Try it :: Could you return the data that follows exactly, minus the images?
[Input data Boundary: Start]
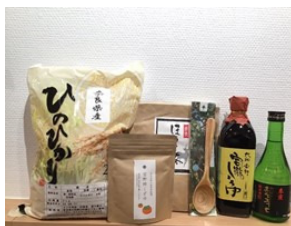
奈良まほろば餃子セレクト ～おうちで奈良を体験セット～
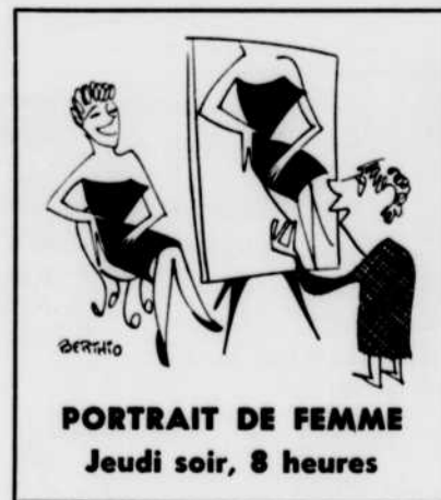
PORTRAIT DE FEMME Jeudi soir, 8 heures

FAFOUIN revient tous les mercredis après-midis à CBFT et CBOT, de 5 h. 30 à 6 heures. Cette émission que réalise Fernand Doré met en vedette la troupe du GRENIER , dirigée par Guy Messier. Dans la photo ci-haut, on reconnaît, de gauche à droite : Maboul, le pirate; Fafouin, le clown; Gudule, l'horloge; et Fanfreluche, la poupée. Chaque émission de FAFOUIN nous réserve de nouvelles aventures ou de nouveaux personnages. Cette semaine, le 28 juillet, on fera connaissance avec Hans von Guttenacht, l'antiquaire, et madame My-Eye, une vieille snob. Cette série se prolongera jusqu'au début de septembre.
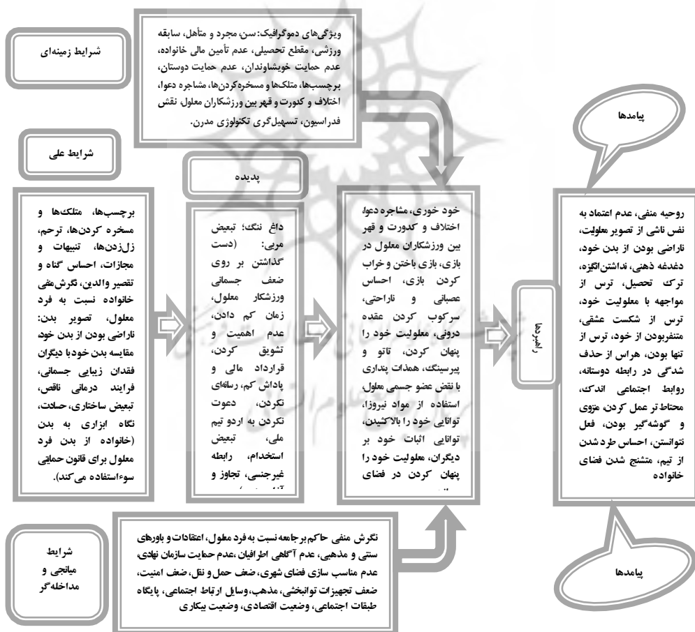
شکل شماره (۱): مدل پارادایمی داغ ننگ در ورزش معلولین
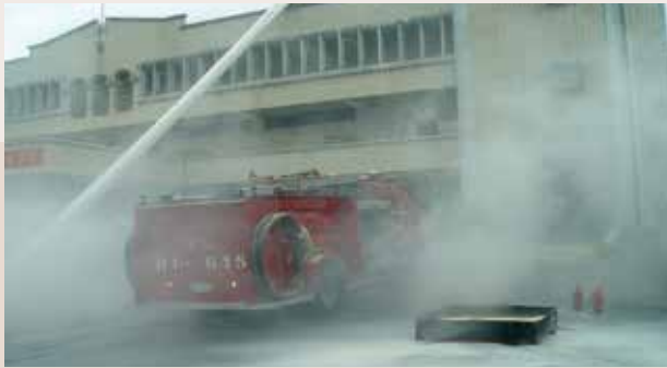
與桃園市消防隊共同舉行防災演習 (94.11)。
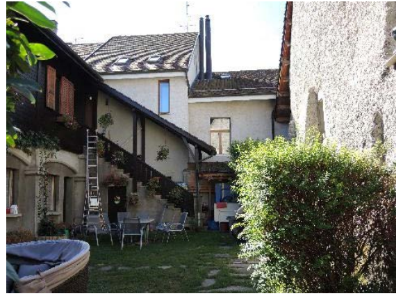
Nord 9, façade ouests, Centrale 14-16, façades nord et Nord 13, façade est
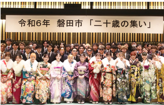
出身中学校ごとに記念撮影をする出席者たち

磐田市民文化会館かたりあで二十歳の集いが開催され、約1,500人が新たな門出を迎えました。市内全域の20歳が一堂に会する式典の開催は初めてとなり、出席者の皆さんは旧友との再会を喜ぶ合うなどして、楽しいひと時を過ごしました。
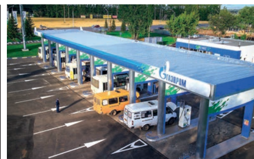
ГАЗ И НАВСЕГДА стр. 8
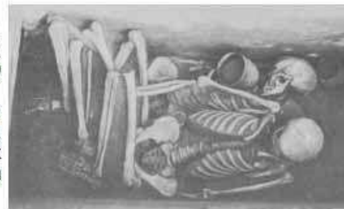
Рис. 3. Окуневский могильник Сыда V, к. 3, м. 12. Раскопки М.П. Грязнова (1965 г.). (Открыть Рис. 3 в новом окне)

но мелкими плитками. Ящики и ямы закрывали плитами и сооружали небольшой холмик из земли и камней. Реже встречаются ямы, покрытые брёвнами и поверх них — плитами. В нескольких случаях плиты над ямами уложены в виде купола, что делает их похожими на афанасьевские.
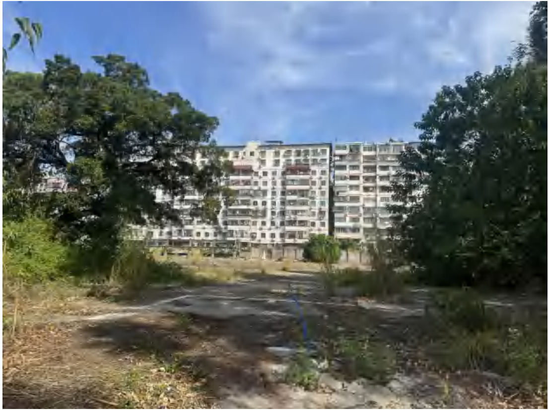
图 20 项目地块西北部现状（南-北）
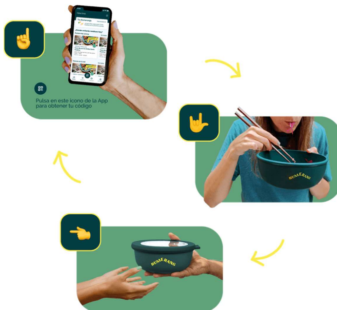
Figura 3. Funcionament esquemàtic de Bumerang per part de l'usuari.
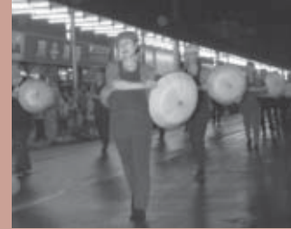
■ユーモア賞 いっちょやったる会
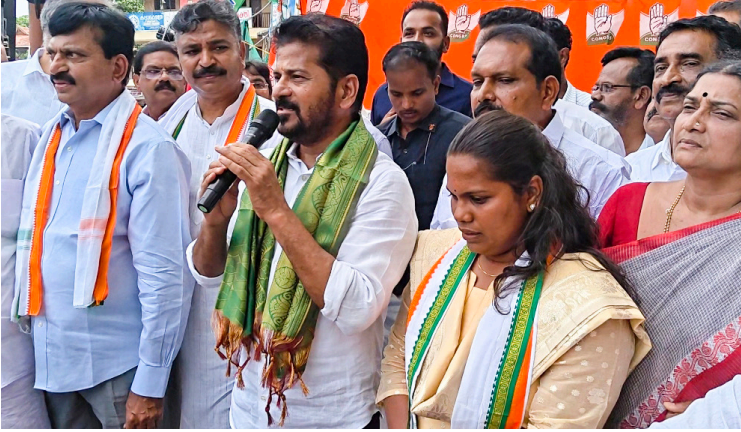
మధ్య ఉన్న అవగాహనతోనే కేసులు, అరెస్టులు లేవు అని రేవంత్ పేర్కొన్నారు.

విజయన్ పై శబరిమల బంగారం చోరీ, బంగారం స్వగ్లింగ్ కేసులున్నాయి. ఆయన గాడ్ ఫాదర్ సరేంద్ర మోదీ ఢిల్లీలో ఉన్నారు. మోదీనే ఈ కేసులన్నీ సుంచి విజయన్ ను రక్షిస్తున్నారు. దేశం కోసం తమ జీవితాలను, ఆస్తులను త్యాగం చేసిన గాంధీ కుటుంబాన్ని మాత్రం రక్షకకాల కేసులతో వేధిస్తున్నారు. కేజ్రీవాల సహా అనేక మంది నేతలను ఈ కేసులతో వేధించారు. అరెస్టులు చేశారు. కానీ విజయన్ జోలికి ఎందుకు రావడం లేదో ఒక్కసారి ఆలోచించాలి. మోదీ, విజయన్
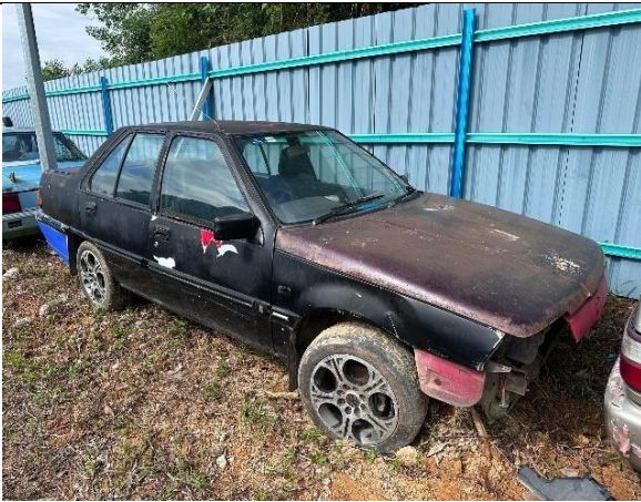
Proton Iswara 1.5S (M)
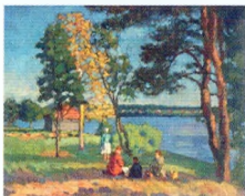
8. Берег Невы. Вечер. 1923 Холст, масло. 47,5 × 56,5 Инв. 205 СЖ The Bank of the Neva. Evening. 1923 Oil on canvas. 47.5 × 56.5 cm Inv. no. 205 СЖ
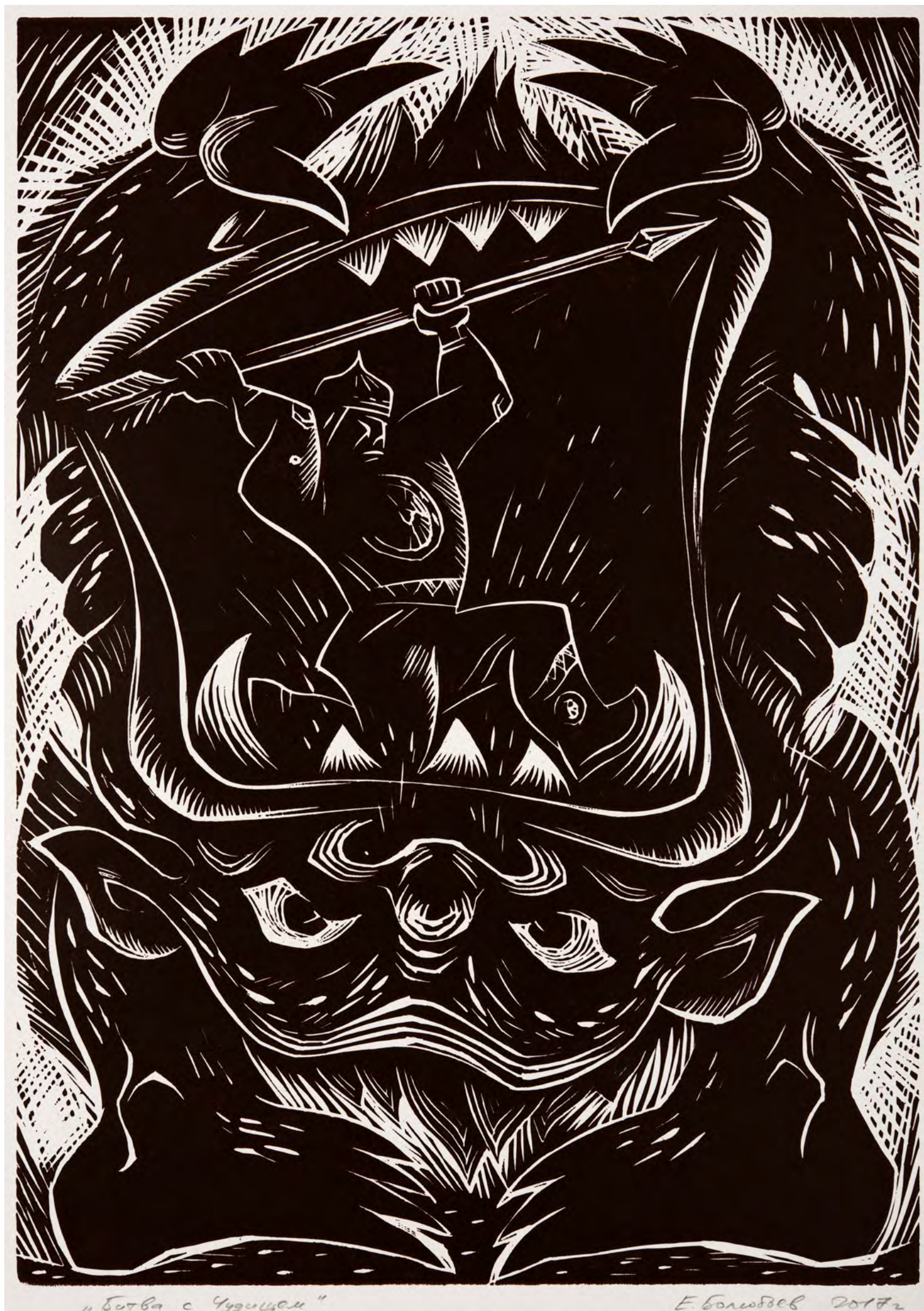
15. Е.А. Болсобоев. Битва с чудовищем. Из серии «Эпос Гэсэр». 2017. Бумага, тушь, гравюра на пластике. 61 × 43; 50 × 35. Национальный музей Республики Бурятия.
[Input data Boundary: End]
Problem solution ::
奈良まほろば餃子セレクト ～おうちで奈良を体験セット～
PORTRAIT DE FEMME Jeudi soir, 8 heures

FAFOUIN revient tous les mercredis après-midis à CBFT et CBOT, de 5 h. 30 à 6 heures. Cette émission que réalise Fernand Doré met en vedette la troupe du GRENIER , dirigée par Guy Messier. Dans la photo ci-haut, on reconnaît, de gauche à droite : Maboul, le pirate; Fafouin, le clown; Gudule, l'horloge; et Fanfreluche, la poupée. Chaque émission de FAFOUIN nous réserve de nouvelles aventures ou de nouveaux personnages. Cette semaine, le 28 juillet, on fera connaissance avec Hans von Guttenacht, l'antiquaire, et madame My-Eye, une vieille snob. Cette série se prolongera jusqu'au début de septembre.
شکل شماره (۱): مدل پارادایمی داغ ننگ در ورزش معلولین
與桃園市消防隊共同舉行防災演習 (94.11)。
Nord 9, façade ouests, Centrale 14-16, façades nord et Nord 13, façade est
出身中学校ごとに記念撮影をする出席者たち

磐田市民文化会館かたりあで二十歳の集いが開催され、約1,500人が新たな門出を迎えました。市内全域の20歳が一堂に会する式典の開催は初めてとなり、出席者の皆さんは旧友との再会を喜ぶ合うなどして、楽しいひと時を過ごしました。
ГАЗ И НАВСЕГДА стр. 8
Рис. 3. Окуневский могильник Сыда V, к. 3, м. 12. Раскопки М.П. Грязнова (1965 г.). (Открыть Рис. 3 в новом окне)

но мелкими плитками. Ящики и ямы закрывали плитами и сооружали небольшой холмик из земли и камней. Реже встречаются ямы, покрытые брёвнами и поверх них — плитами. В нескольких случаях плиты над ямами уложены в виде купола, что делает их похожими на афанасьевские.
图 20 项目地块西北部现状（南-北）
Figura 3. Funcionament esquemàtic de Bumerang per part de l'usuari.
■ユーモア賞 いっちょやったる会
మధ్య ఉన్న అవగాహనతోనే కేసులు, అరెస్టులు లేవు అని రేవంత్ పేర్కొన్నారు.

విజయన్ పై శబరిమల బంగారం చోరీ, బంగారం స్వగ్లింగ్ కేసులున్నాయి. ఆయన గాడ్ ఫాదర్ సరేంద్ర మోదీ ఢిల్లీలో ఉన్నారు. మోదీనే ఈ కేసులన్నీ సుంచి విజయన్ ను రక్షిస్తున్నారు. దేశం కోసం తమ జీవితాలను, ఆస్తులను త్యాగం చేసిన గాంధీ కుటుంబాన్ని మాత్రం రక్షకకాల కేసులతో వేధిస్తున్నారు. కేజ్రీవాల సహా అనేక మంది నేతలను ఈ కేసులతో వేధించారు. అరెస్టులు చేశారు. కానీ విజయన్ జోలికి ఎందుకు రావడం లేదో ఒక్కసారి ఆలోచించాలి. మోదీ, విజయన్
Proton Iswara 1.5S (M)
8. Берег Невы. Вечер. 1923 Холст, масло. 47,5 × 56,5 Инв. 205 СЖ The Bank of the Neva. Evening. 1923 Oil on canvas. 47.5 × 56.5 cm Inv. no. 205 СЖ
15. Е.А. Болсобоев. Битва с чудовищем. Из серии «Эпос Гэсэр». 2017. Бумага, тушь, гравюра на пластике. 61 × 43; 50 × 35. Национальный музей Республики Бурятия.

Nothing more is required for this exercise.